- Work instruction: The records below must be reproduced exactly, excluding any pictures.

- Records for this exercise:
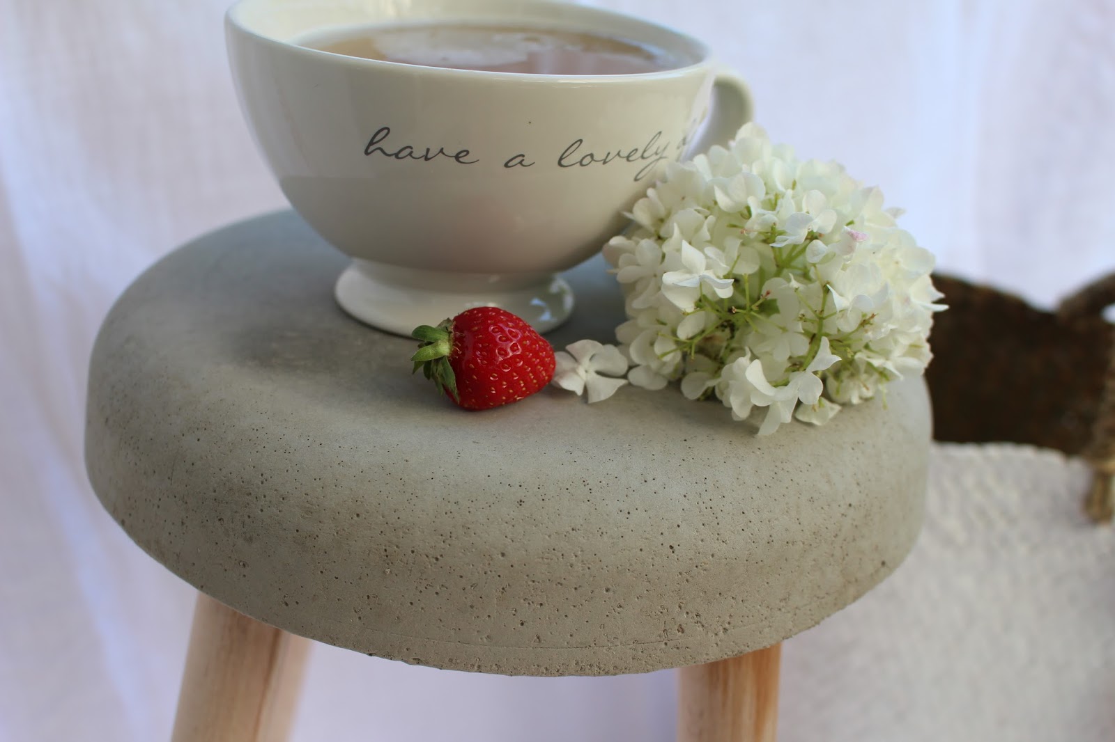 So jetzt lasse ich mir mein Erdbeertörtchen auf meinem neuen Hocker in der Sonne schmecken.
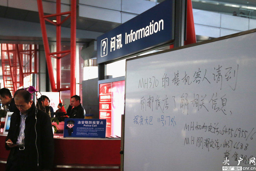2014年3月8日上午8点44,马航官网发布第一份声明:确认北京时间8日2点40分MH370航班与塔台失去联系。接机家属被安排至附近酒店等待相关消息。图据央广网
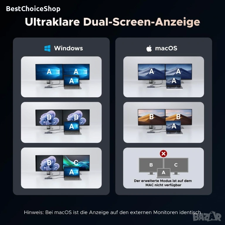 Докинг станцията Type-C е съвместима с ThinkPad X1, ZenBook, Chromebook, Surface и др. Забележка: Системите Windows могат да използват разширен дисплей с два екрана, докато Mac устройствата са ограничени до огледален режим. Ако сте потребител на Mac и искате два външни монитора да показват различни изображения, не препоръчваме използването на тази докинг станция.
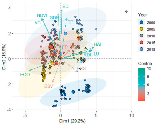 Principal component analysis of land ecological security in Yan’an from 2000 to 2018. Contrib. represents contribution rate of each factor to LES; LES represents land ecological security; TP represents land surface temperature; VC represents vegetation coverage; NDVI represents normalized differential vegetation index; ERS represents soil erosion; ESV represents the value of the ecosystem service; HAI represents human disturbance index; SLP represents slope; RDLS represents topographic relief; ECO represents the elasticity of ecological environment; BZ represents buffer zone; RDI represents regional development index; ED represents economic density; GDP represents gross domestic product; LU represents the degree of land use; LA represents arable land per capita; WD represents water coverage; PD represents the density of the population; FP, grain yield.
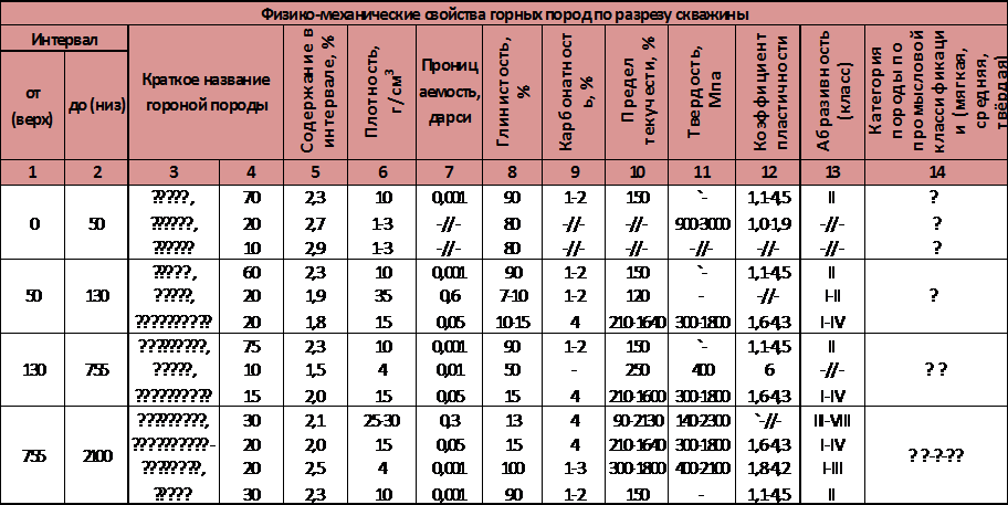 горных пород по разрезу скважины». с учетом льдистости для ММП.
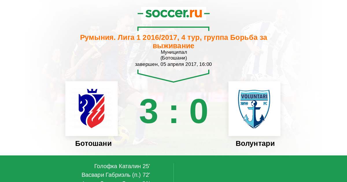 Румыния. Лига 1 07.04.2018 Ботошани Логотип футбольный клуб Ботошани 1:0 Логотип футбольный клуб Волунтари (Илфов) Волунтари

- Result of the exercise:
 So jetzt lasse ich mir mein Erdbeertörtchen auf meinem neuen Hocker in der Sonne schmecken.
2014年3月8日上午8点44,马航官网发布第一份声明:确认北京时间8日2点40分MH370航班与塔台失去联系。接机家属被安排至附近酒店等待相关消息。图据央广网
 Докинг станцията Type-C е съвместима с ThinkPad X1, ZenBook, Chromebook, Surface и др. Забележка: Системите Windows могат да използват разширен дисплей с два екрана, докато Mac устройствата са ограничени до огледален режим. Ако сте потребител на Mac и искате два външни монитора да показват различни изображения, не препоръчваме използването на тази докинг станция.
 Principal component analysis of land ecological security in Yan’an from 2000 to 2018. Contrib. represents contribution rate of each factor to LES; LES represents land ecological security; TP represents land surface temperature; VC represents vegetation coverage; NDVI represents normalized differential vegetation index; ERS represents soil erosion; ESV represents the value of the ecosystem service; HAI represents human disturbance index; SLP represents slope; RDLS represents topographic relief; ECO represents the elasticity of ecological environment; BZ represents buffer zone; RDI represents regional development index; ED represents economic density; GDP represents gross domestic product; LU represents the degree of land use; LA represents arable land per capita; WD represents water coverage; PD represents the density of the population; FP, grain yield.
 горных пород по разрезу скважины». с учетом льдистости для ММП.
 Румыния. Лига 1 07.04.2018 Ботошани Логотип футбольный клуб Ботошани 1:0 Логотип футбольный клуб Волунтари (Илфов) Волунтари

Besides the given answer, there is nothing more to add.